WORK TO BE COMPLETED:
Repeat the entries below exactly as they appear, with no pictures.

..........

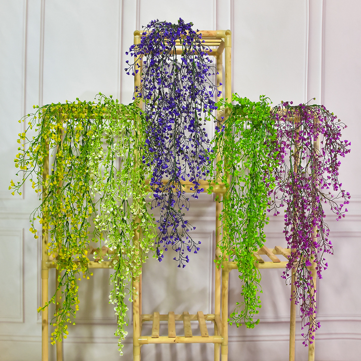 Bel gantung dinding tanaman hijau buatan, lonceng emas Dedalu plastik dekorasi dinding rotan lembut dekorasi taman lanskap dinding tanaman
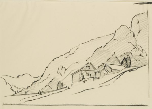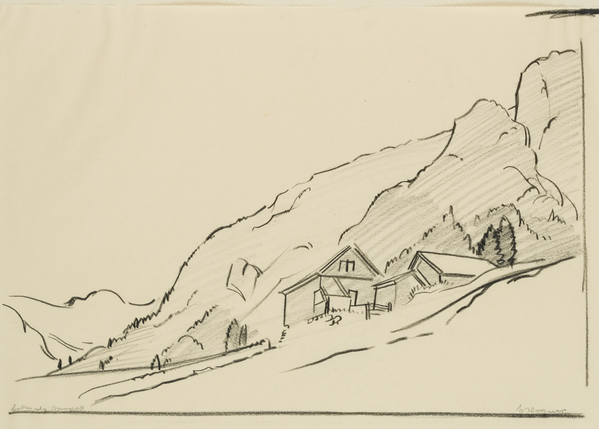 Hans Wagner (1885 Affeltrangen – 1949 St. Gallen), A homestead on the mountain, , Chalk
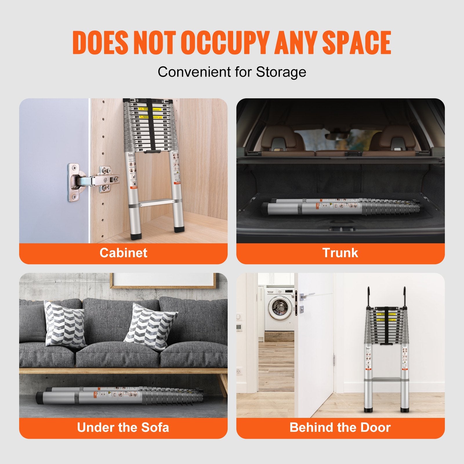 - Convenient Storage: The foldable telescopic ladder is lightweight and compact, making it easy for female users to carry. You can place it almost anywhere, including under the sofa, behind doors, or in the car trunk. It is more portable and space-saving than traditional ladders.
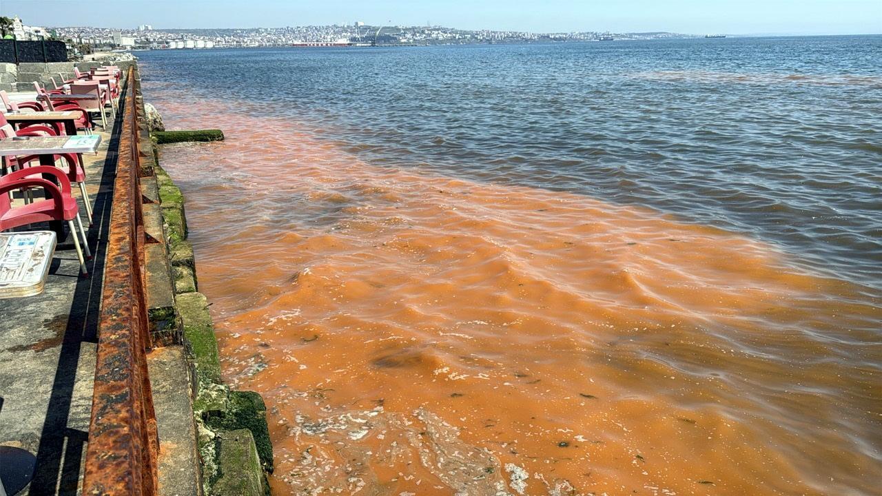 Tekirdağ sahilinde alg patlaması nedeniyle deniz turuncu renge büründü
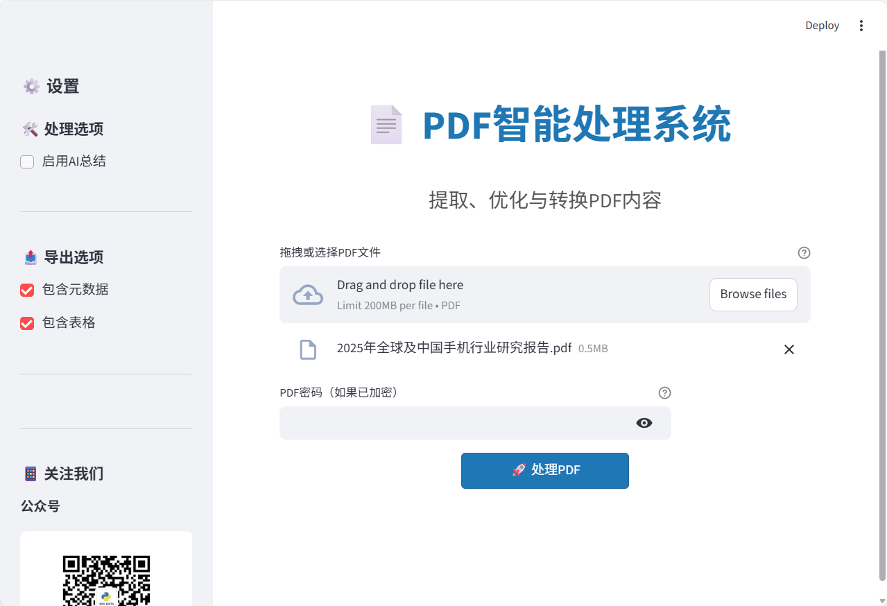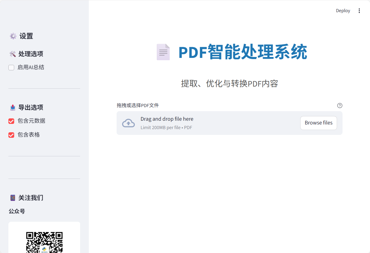 这个应用是基于streamlit开发的,在浏览器上打开使用,它支持的PDF操作包括:

..........

OUTPUT BELOW:
 Bel gantung dinding tanaman hijau buatan, lonceng emas Dedalu plastik dekorasi dinding rotan lembut dekorasi taman lanskap dinding tanaman
 Hans Wagner (1885 Affeltrangen – 1949 St. Gallen), A homestead on the mountain, , Chalk
 - Convenient Storage: The foldable telescopic ladder is lightweight and compact, making it easy for female users to carry. You can place it almost anywhere, including under the sofa, behind doors, or in the car trunk. It is more portable and space-saving than traditional ladders.
 Tekirdağ sahilinde alg patlaması nedeniyle deniz turuncu renge büründü
 这个应用是基于streamlit开发的,在浏览器上打开使用,它支持的PDF操作包括:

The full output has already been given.